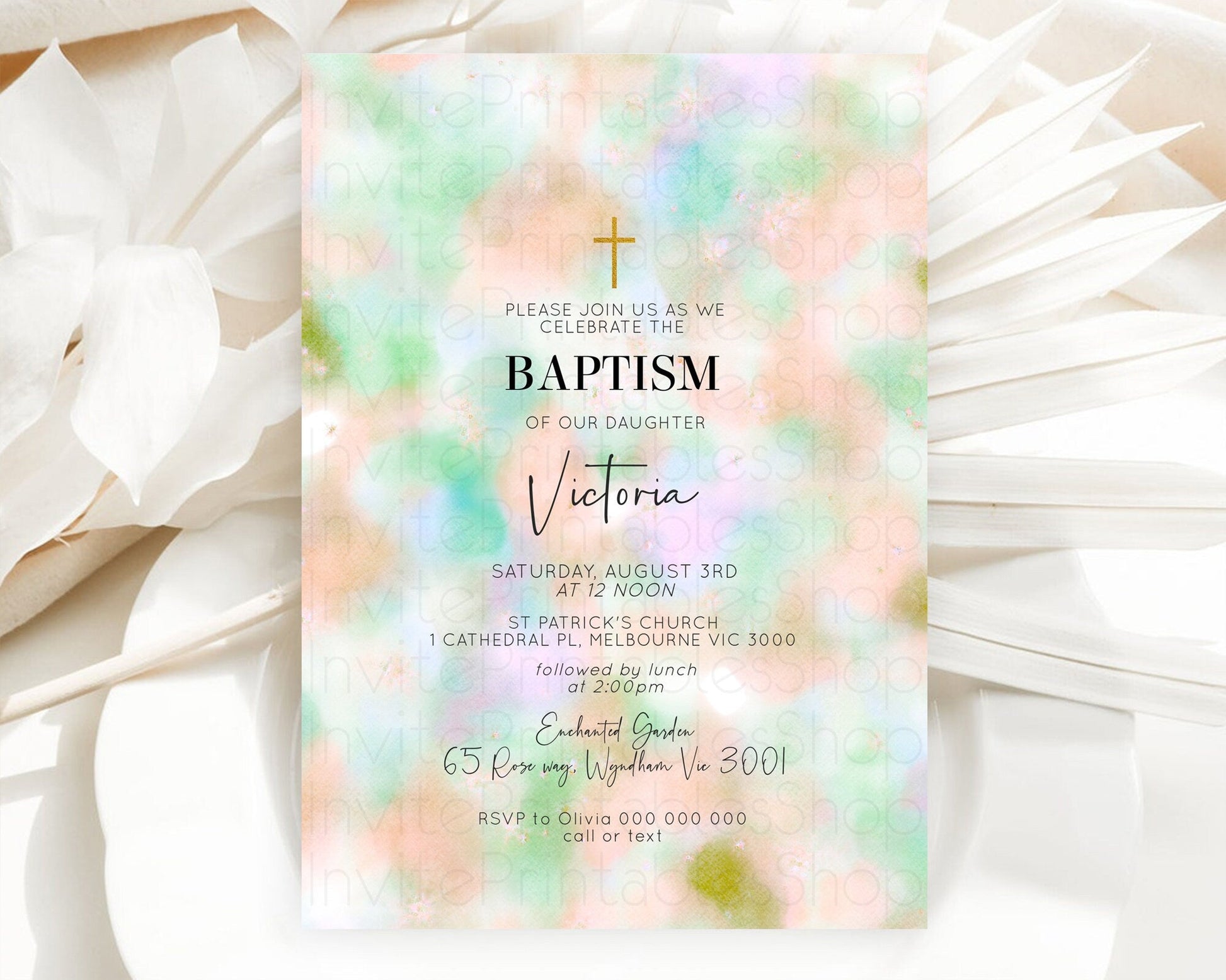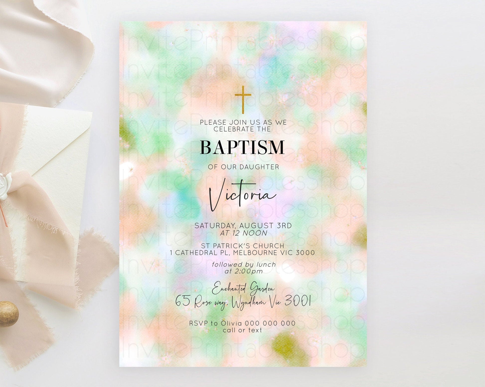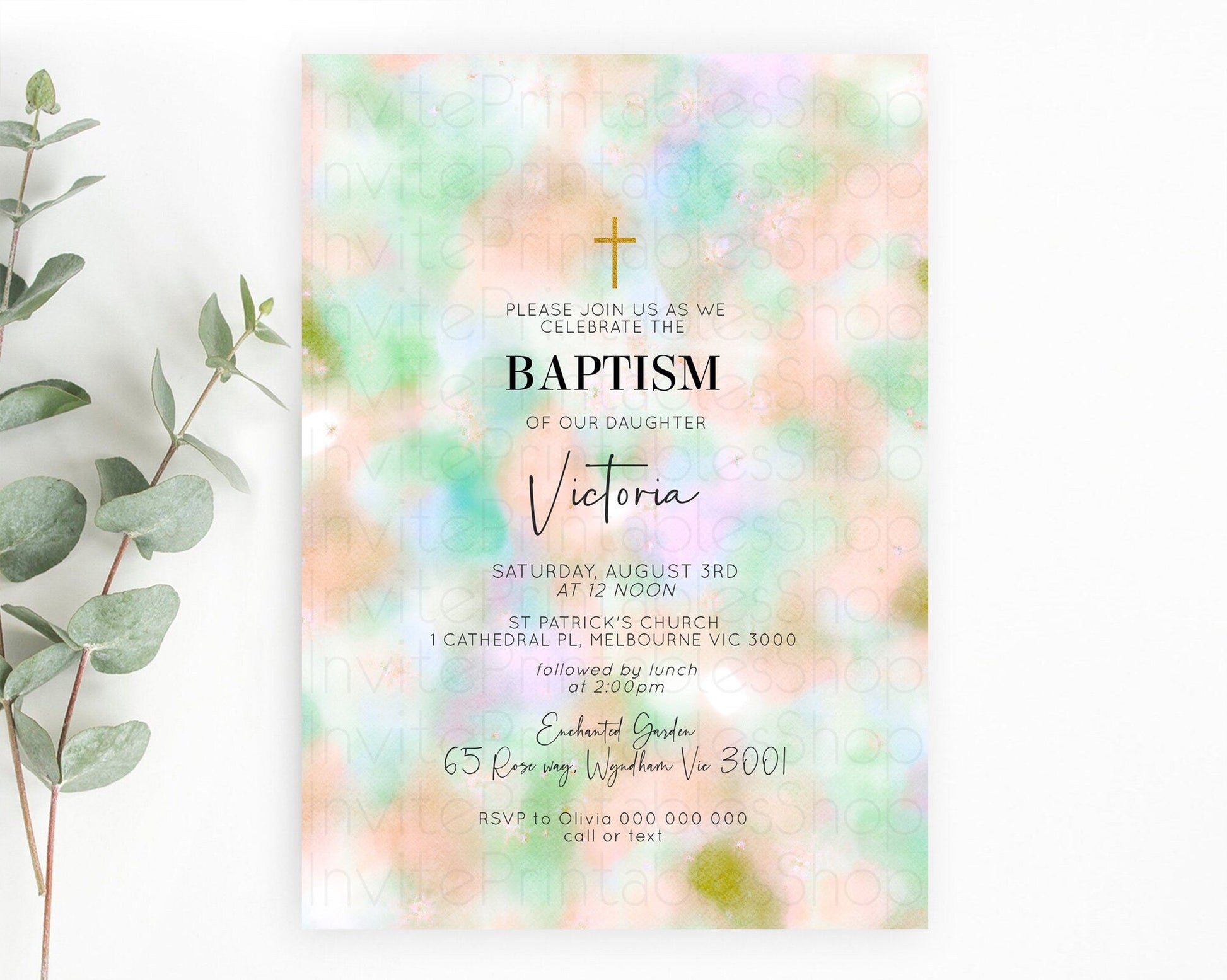 Pastel Baptism Invitation Pastel Colors Watercolor Baptism 1st Birthday Party Gold Ombre Pastel Rainbow Christening Holy Communion D10693
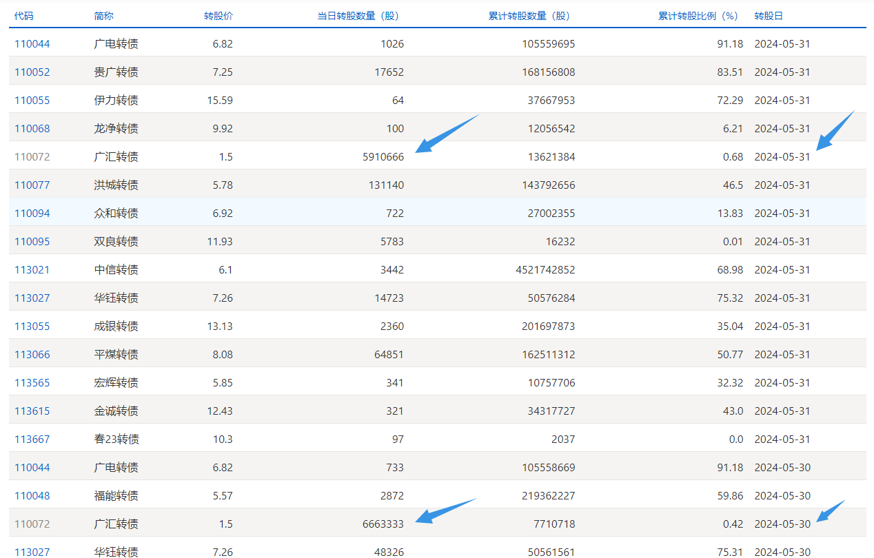 请问是在哪里能看出来转股的?小白想学习下。
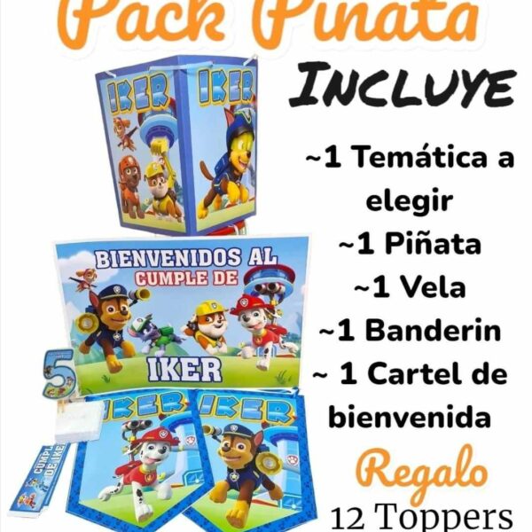 Pack Top Wing Fiesta Cumpleaños con vela, banderín, Cartel de bienvenida sobres para chuches para los invitados. Lo puedes pedir de la temática que quieras.
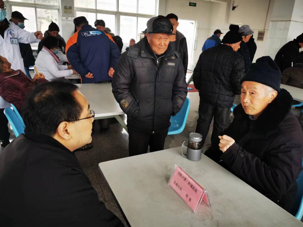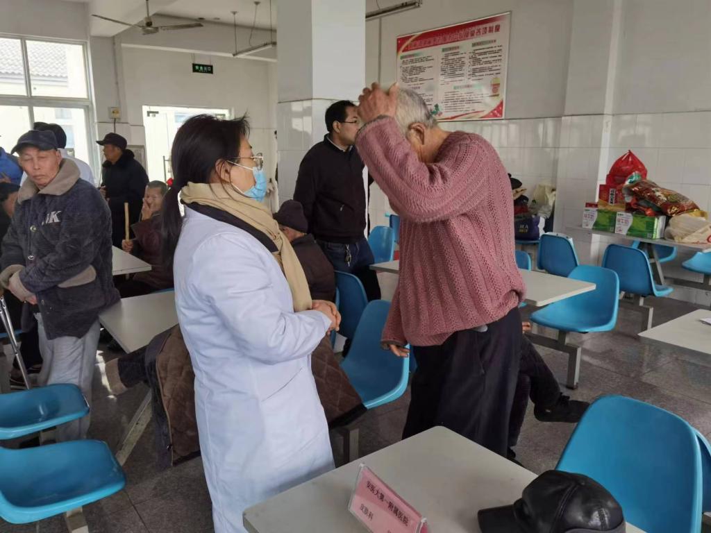 随后,大家又来到黄麓镇养老服务中心慰问,给老人们送去牛奶、饼干、冬季衣服,了解他们的身体健康状况和生活情况,对30多名老年人进行体检并一对一健康咨询。
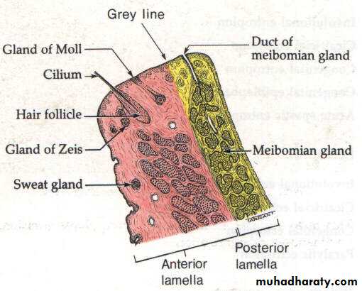 is 2mm muco-cutaneous junction,contains :Posteriorly the opening of meibomian glands and the upper and lower lacrimal puncti.
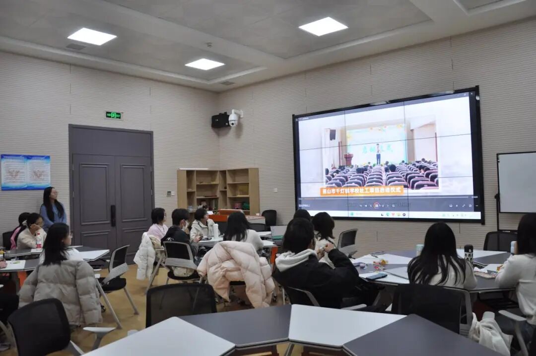 实习实践办公室主任郑玲老师主持,25级研苑社工编辑部的硕士师姐们协助。本次活动通过观影、互动答题与小组讨论的形式,助力新生在专业认知与价值塑造上实现初步成长。
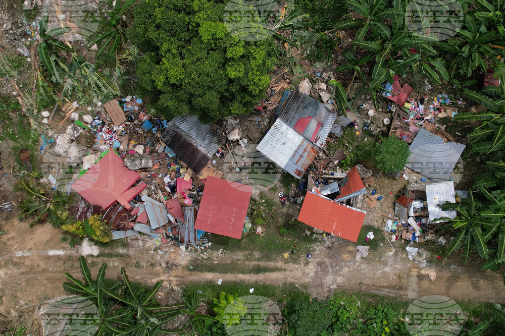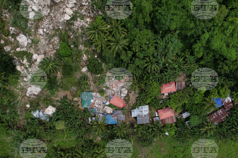 Damaged homes lie after a landslide caused by Tuesday's strong earthquake killed some people sleeping in their hillside homes, Thursday, Oct. 2, 2025, in Bogo city, Cebu Province, Central Philippines. (AP Photo/Aaron Favila)
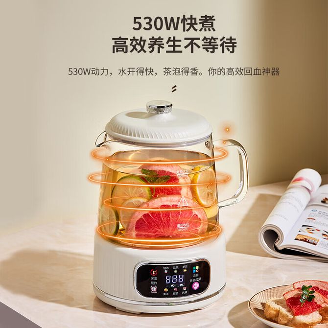 组合销售 产品介绍 产品规格 售后服务 产品咨询 发现好货 九阳/Joyoung 养生壶1.5L茶具电茶壶煮茶壶花茶壶玻璃煮茶器煎药壶中药锅药膳电水壶烧水壶 3900 里程 九阳/Joyoung 养生壶迷你玻璃花茶壶煮茶器 12大功能11档温度 电水壶热水壶烧水壶 1.5L DGD1506BQ 3900 里程 美的/Midea 养生壶 1.5L家用多功能小型全自动办公室烧水壶加厚玻璃煮茶热水壶 MK-YS15P201 4200 里程 美的/Midea 养生壶 1.5L家用养生壶全自动玻璃烧水壶24h预约烧水壶12小时防干烧保护智能恒温 MK-YS15P202 3700 里程 美的/Midea 养生壶 1.5L全自动电热水壶 24h预约12小时智能恒温 14大功能11档控温 花茶壶煮茶器MK-Y12Q 3500 里程
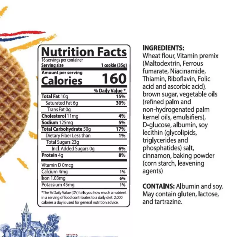 • Elaborado con dos finas y crujientes galletas tipo waffle rellenas de un delicioso caramelo, nuestro stroopwafels tradicional es el acompañante perfecto para tu café o te . Al colocar sobre tu taza caliente el relleno se suaviza y libera todo su aroma, creando una experiencia unica de sabor y textura
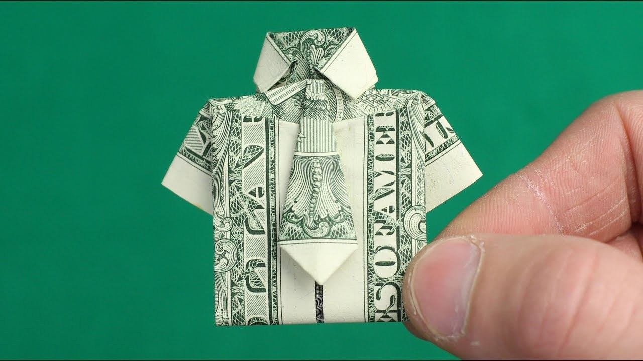 Make an interesting gift from any bills. Create it in the form of a men's shirt and tie.
|---|
§ **What the exercise asks**
Verbatim transcription needed, from the opening line of the entries above through the line containing "随后,大家又来到黄麓镇养老服"; pictures do not belong in it.

§ **Task response**
 Pastel Baptism Invitation Pastel Colors Watercolor Baptism 1st Birthday Party Gold Ombre Pastel Rainbow Christening Holy Communion D10693
 请问是在哪里能看出来转股的?小白想学习下。
 Pack Top Wing Fiesta Cumpleaños con vela, banderín, Cartel de bienvenida sobres para chuches para los invitados. Lo puedes pedir de la temática que quieras.
 随后,大家又来到黄麓镇养老服务中心慰问,给老人们送去牛奶、饼干、冬季衣服,了解他们的身体健康状况和生活情况,对30多名老年人进行体检并一对一健康咨询。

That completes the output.